Wednesday, 21 September 2011

More floods in China

Floods are said to be the most common natural disaster to afflict mankind, and China has suffered many, including perhaps the deadliest natural disaster in history.  (See my blog of June 20.)

Now a week of heavy rain has brought the deaths of at least 57 people and driven a million from their homes.    The flooding in Sichuan is the worst since records began in 1847, and the provinces of Henan and Shaanxi have also been hit.

More than 120,000 houses have been destroyed, along with many crops.   Many of those who died were in a brick factory and the dormitory for its workers that were buried by a landslide in the city of Xi’an.

Last year’s floods were the worst in China for a decade, and cost 4,000 lives, while so far this year more than 350 people have been killed in 12 provinces.


Tuesday, 20 September 2011

London's deadliest post-war fire

New light has been cast on the deadliest fire in London since World War Two, and one of the worst mass killings in British history.   In the early hours of August 16, 1980, fire ripped through two illegal clubs in Denmark Street - ‘Tin Pan Alley’ – just off Charing Cross Road.

The second floor housed a gambling den, while the first floor was a club where salsa music – virtually unknown in London in those days – attracted lots of South American expatriates.    A disgruntled customer who had been refused admission, poured petrol into the building and set fire to it.   The disc jockey was one of those killed, as he tried to save his record collection.

There were no proper fire escapes, and with much of the building made of wood, it went up in no time.    A total of 37 people were killed, and in May 1981, a 42 year old man was gaoled for life for causing the fire.

Matt Rendell has come up with some fascinating new details about the disaster in his new history of salsa in Britain.   For the full story, see Salsa for People Who Probably Shouldn’t just published by Mainstream.  

Monday, 19 September 2011

Pakistan flooded again

Just as they did around this time last year, devastating floods, caused by heavy monsoon rain, have once again struck the unhappy country of Pakistan.    So far this year nearly 250 people have been killed and more than 600,000 homes have been destroyed.    Last year, up to 2,000 people lost their lives.

The United Nations has launched an appeal for more than £230 million to help the estimated six million who have been affected this year.    Once again, the Pakistan government has been criticised for what has been seen an ineffectual response.
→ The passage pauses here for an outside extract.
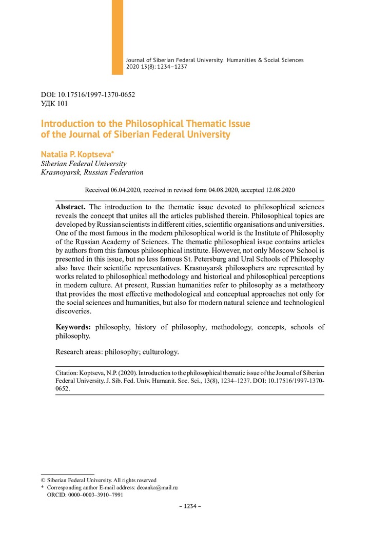 Библиографическое описание:Koptseva, Natalia. Introduction to the Philosophical Thematic Issue of the Journal of Siberian Federal University = Вступительная статья к философскому тематическому выпуску журнала Сибирского федерального университета "Гуманитарные науки" / N. P. Koptseva. - Текст : непосредственный // Журнал Сибирского федерального университета. Гуманитарные науки. - 2020. - Т. 13, № 8. - С. 1234–1237. - Библиогр.: с. 1236-1237. - ISSN 1997-1370.

More than two million people are said to be suffering from flood-related illnesses, while at least 7,000 have been bitten by snakes.    Local people claim that if proper drainage systems had been in place, many lives could have been saved.

(See also my blogs of July 20, Aug 11, 17 and 23, 2010, and 27 Jan, 2011.)

Thursday, 1 September 2011

Black Death WAS plague - official


When I was at school, there was no doubt about it.   We were taught that the Black Death – perhaps the most lethal disease ever to afflict humanity – was bubonic plague.    Then some scientists came up with revisionist theories that it might have been an ebola-type virus, or anthrax, or some combination of infections.

Well now a group of Canadian researchers from McMaster University in Toronto believe they have proved the epidemic really was bubonic plague.   They analysed bones from the 14th century, and were able to extract the plague bacterium, though in a different form from the one we know today.

They hope also to throw light on why the disease carried off so many.    From its first appearance in Central Asia in the 1330’s, it spread right across Europe and Asia, killing perhaps a third of the population.   In some places it was even more deadly.    Siena in Italy was said to have lost half of its people.  Nearby San Gimignano, with its famous towers, even more.

The Black Death was a dreadful blow to the prestige of the Church which had failed to warn the faithful that God was about to inflict this dreadful punishment on them.   It also produced a labour shortage, and as wages for the working class rose, the kings of England and France quickly imposed a wage freeze.